[Input for this task Boundary: Start]

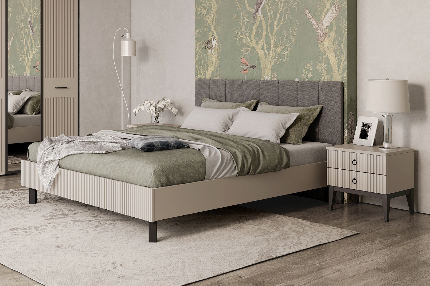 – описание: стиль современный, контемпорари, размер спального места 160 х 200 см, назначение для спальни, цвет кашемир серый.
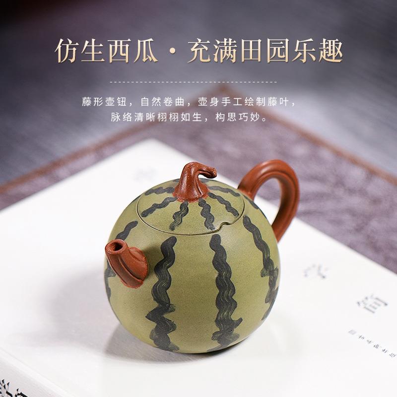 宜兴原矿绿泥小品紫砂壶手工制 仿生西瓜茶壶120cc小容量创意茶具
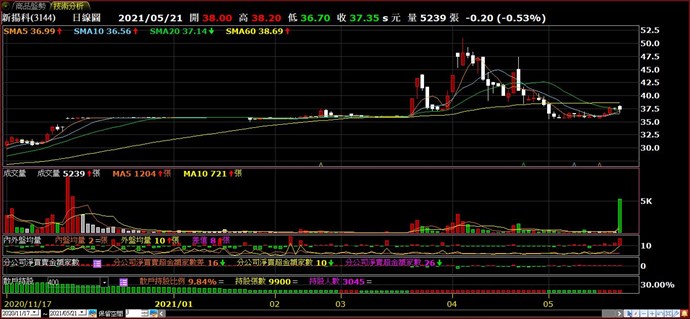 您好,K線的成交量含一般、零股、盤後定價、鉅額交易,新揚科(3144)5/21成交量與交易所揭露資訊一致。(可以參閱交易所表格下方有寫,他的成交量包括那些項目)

[Input for this task Boundary: End]
[Input for this task Boundary: Start]

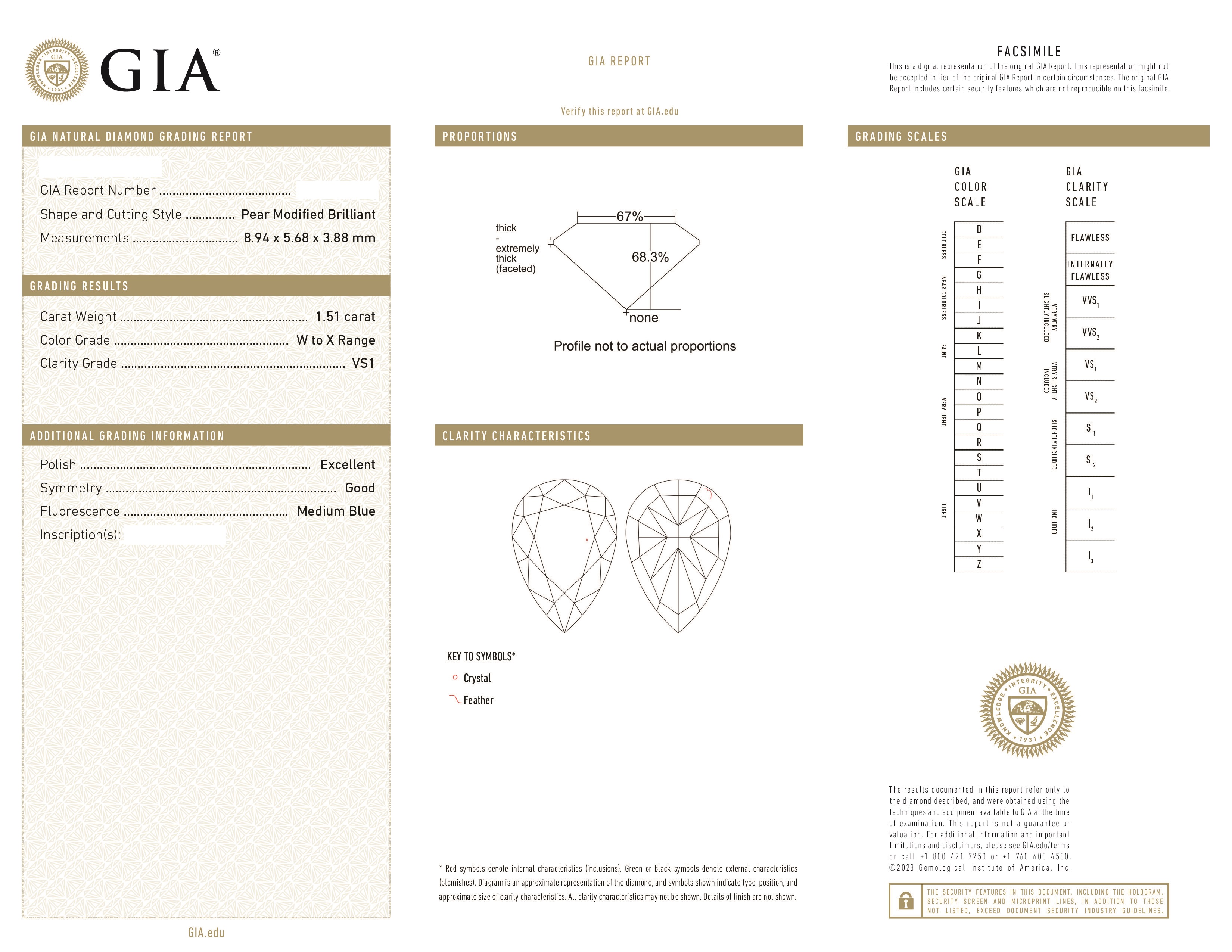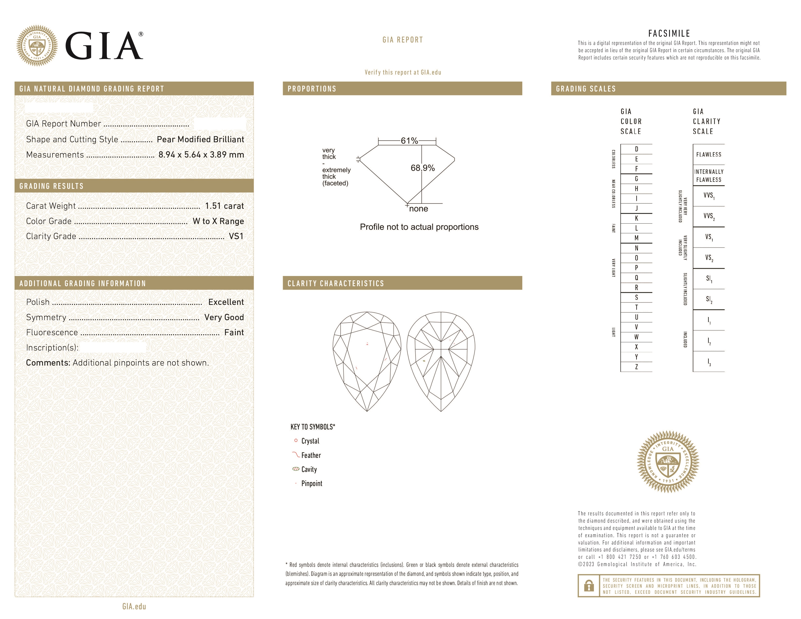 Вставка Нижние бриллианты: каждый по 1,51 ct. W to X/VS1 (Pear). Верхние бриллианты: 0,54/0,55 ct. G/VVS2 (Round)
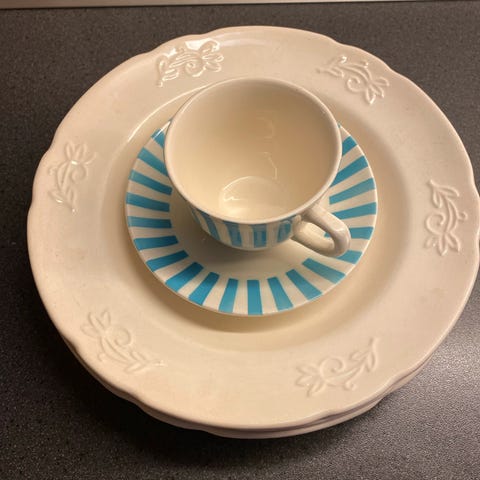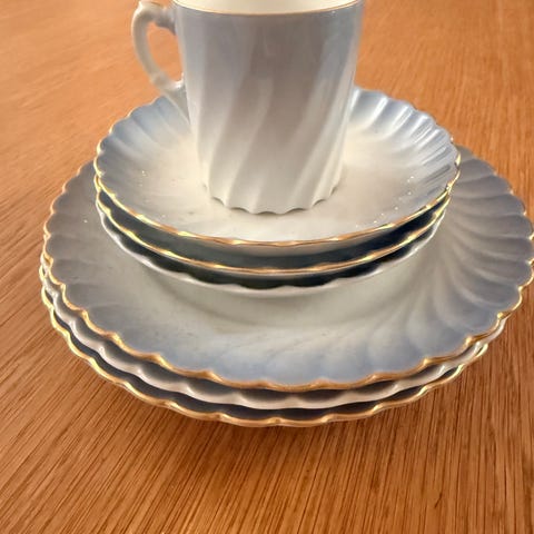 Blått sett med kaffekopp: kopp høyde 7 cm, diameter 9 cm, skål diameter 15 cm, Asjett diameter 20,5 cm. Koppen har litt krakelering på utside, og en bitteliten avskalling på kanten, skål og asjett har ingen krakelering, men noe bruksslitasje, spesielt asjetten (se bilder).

[Input for this task Boundary: End]

- _What you need to do_
I would like the exact lines from the data above, starting with the one that holds "цвет кашемир серый." and going on through the one that holds "您好,K線的成交量含一般、零", without the pictures.

- _Solution to this task_
 – описание: стиль современный, контемпорари, размер спального места 160 х 200 см, назначение для спальни, цвет кашемир серый.
 宜兴原矿绿泥小品紫砂壶手工制 仿生西瓜茶壶120cc小容量创意茶具
 您好,K線的成交量含一般、零股、盤後定價、鉅額交易,新揚科(3144)5/21成交量與交易所揭露資訊一致。(可以參閱交易所表格下方有寫,他的成交量包括那些項目)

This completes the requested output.